WI-38 nuclear extract (Forskolin stimulated)

Catalog No: 40300 Format: 200 µg ¥44,000 Buy

Contents

2 x 100 µg of WI-38 nuclear extract (Forskolin stimulated) at 2.5 µg/µl.

Background

WI-38 nuclear extract (Forskolin stimulated) was prepared from a cell culture of the human lung fibroblast WI-38 cell line. The WI-38 cell line was originally derived from lung tissue obtained from a Caucasian female fetus of 3 months gestation. The WI-38 cell line was the first normal diploid human cell line to be continuously cultivated. WI-38 cells are known to have the broadest viral spectra of any cell population that has been tested and are frequently used in research to isolate viruses, such as rhinovirus, and for the production of viral vaccines, including rubella, rabies, and hepatitis A. These cells have a limited replicative lifespan of approximately 50 population doublings after which they enter a state of irreversible growth arrest known as replicative senescence. WI-38 cells are most commonly used in research in studies of viral production, replicative senescence, and as normal controls.
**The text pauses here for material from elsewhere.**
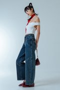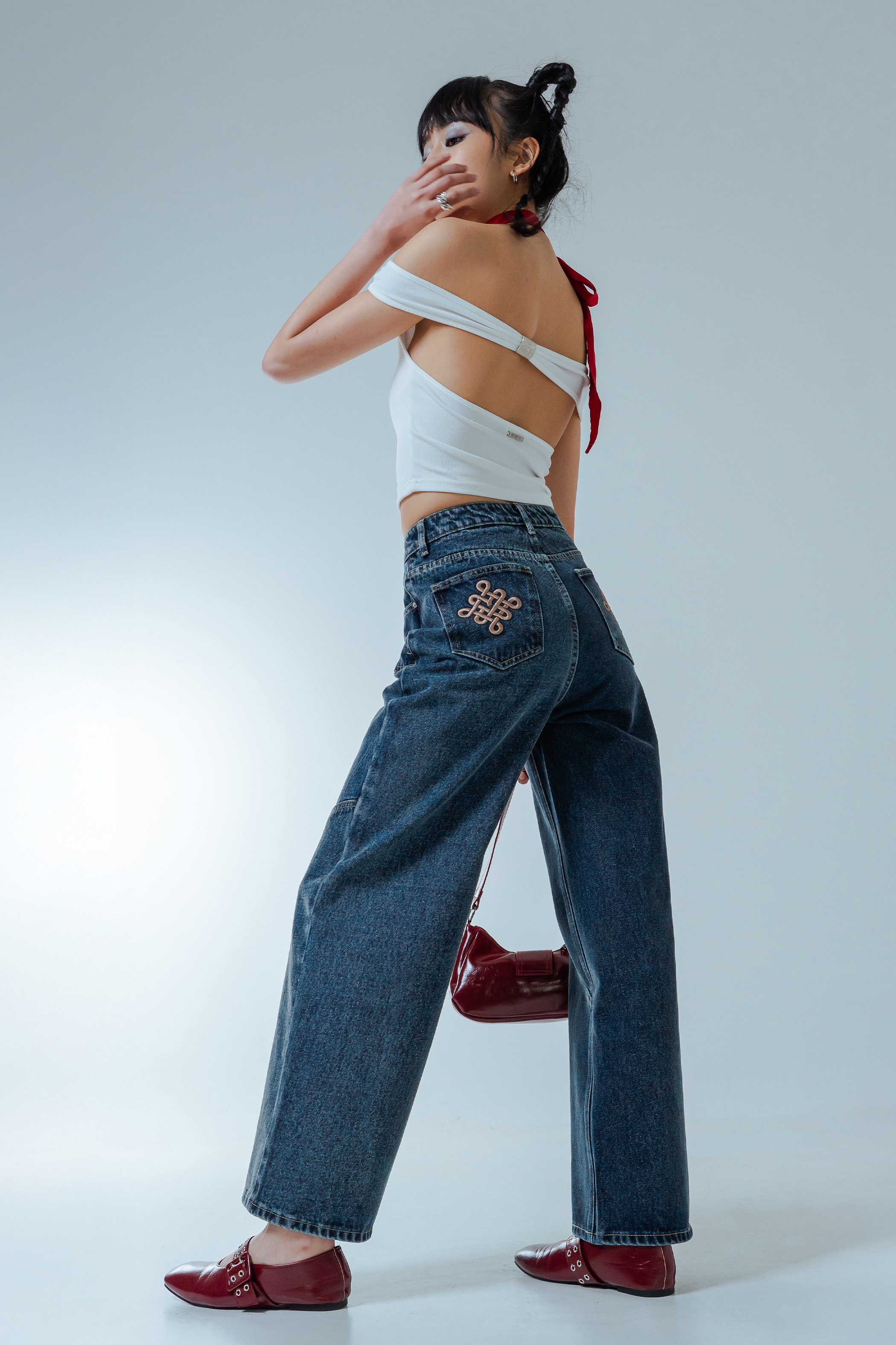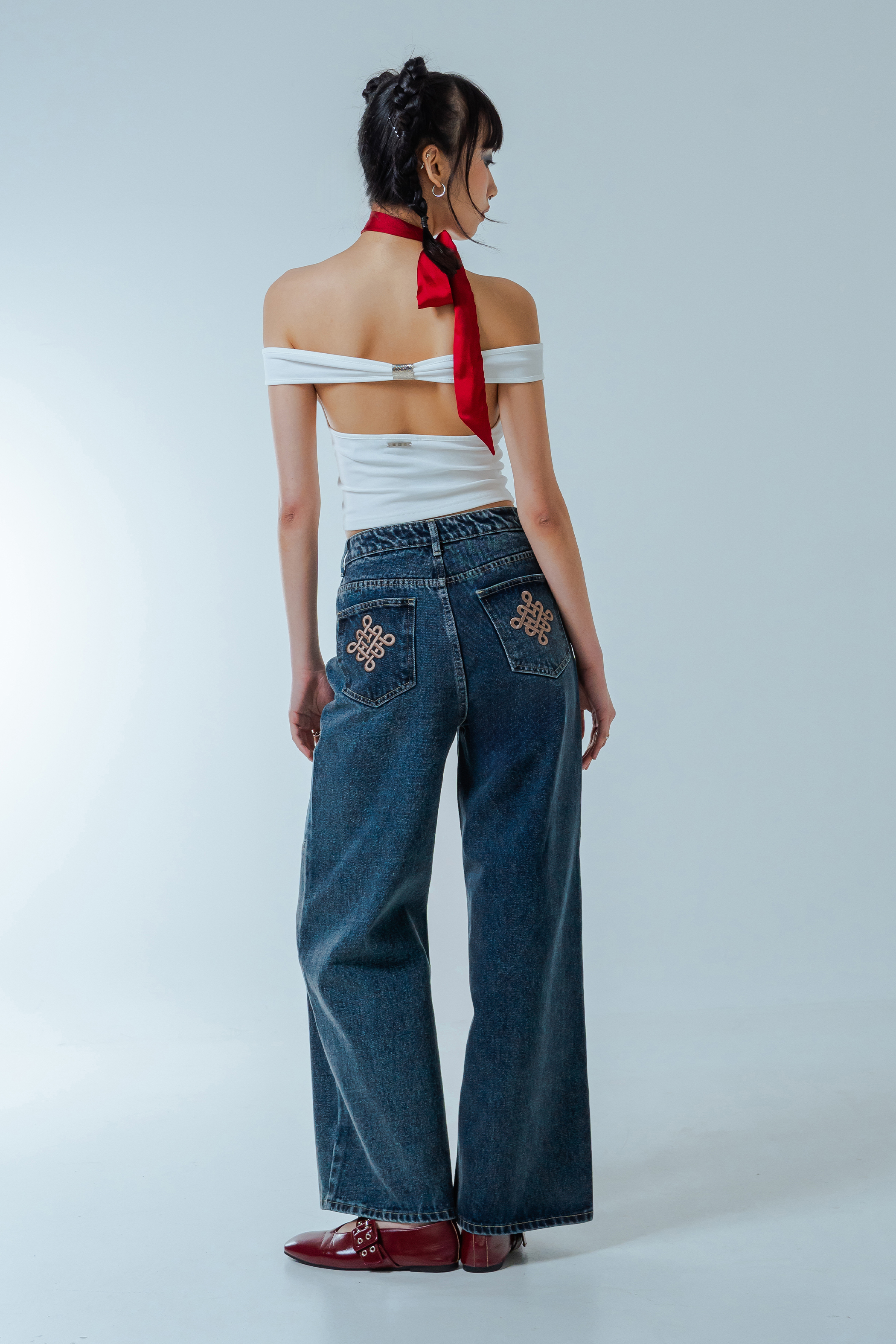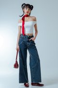 Denim that flows with quiet confidence. These straight-cut, wide-leg jeans elongate with every step, while the festive stitching at the back pocket offers a subtle nod to the season. A maxi-length silhouette that feels refined without trying — made for days that glide effortlessly into nights.

Forskolin is an inducer of intracellular cyclic AMP (cAMP), a second messenger that is used for signal transduction during various biological processes, including lipid metabolism and regulation of glycogen and sugar levels. Forskolin was used to stimulate cAMP production in WI-38 cells, leading to the downstream activation of protein kinase A (PKA) and calcium channels.

Application Notes

WI-38 nuclear extract (Forskolin stimulated) is specifically recommended for studies related to cAMP-mediated signal transduction.

Extract Origin

Human normal lung fibroblast

Extract Composition

WI-38 nuclear extract was collected in Lysis Buffer after a 30-minute incubation with forskolin (20 µM). The Lysis Buffer consists of 20 mM Hepes pH 7.5, 400 mM NaCl, 20% glycerol, 0.1 mM EDTA, 10 mM NaF, 10 µM Na2MoO4, 1 mM NaVO3, 10 mM PNPP, 10 mM β-glycerophosphate, 1 mM DTT and protease inhibitors. The protein content has been determined by a Bradford-based assay.

Quality Control

Each lot has been tested for CREB activation by using TransAM® pCREB Kits. The signal intensity for CREB activation in each lot is compared to the signal intensity obtained with extracts from unstimulated WI-38 VA13 cells (see figure). After the signals are blanked, the ratio of the signals from stimulated cells over unstimulated cells must be above 3. This ratio may vary depending on the basal level of CREB activation in a given cell type.

 
Figure 1: Measurement of phosphorylated CREB.

Figure 1: Measurement of phosphorylated CREB.
Human fibroblast WI-38 cells are stimulated with Forskolin for 30 minutes. Increasing amounts of nuclear cell extracts are assayed using the TransAM pCREB Kit.

Storage

To ensure stability, extracts should be stored at -80°C.

We recommend aliquoting the extracts into single-use fractions and then storing them at -80°C. This eliminates repeated freeze/thaw cycles.

Guarantee

This product is guaranteed for 6 months from date of receipt.

This product is for research use only and is not for use in diagnostic procedures.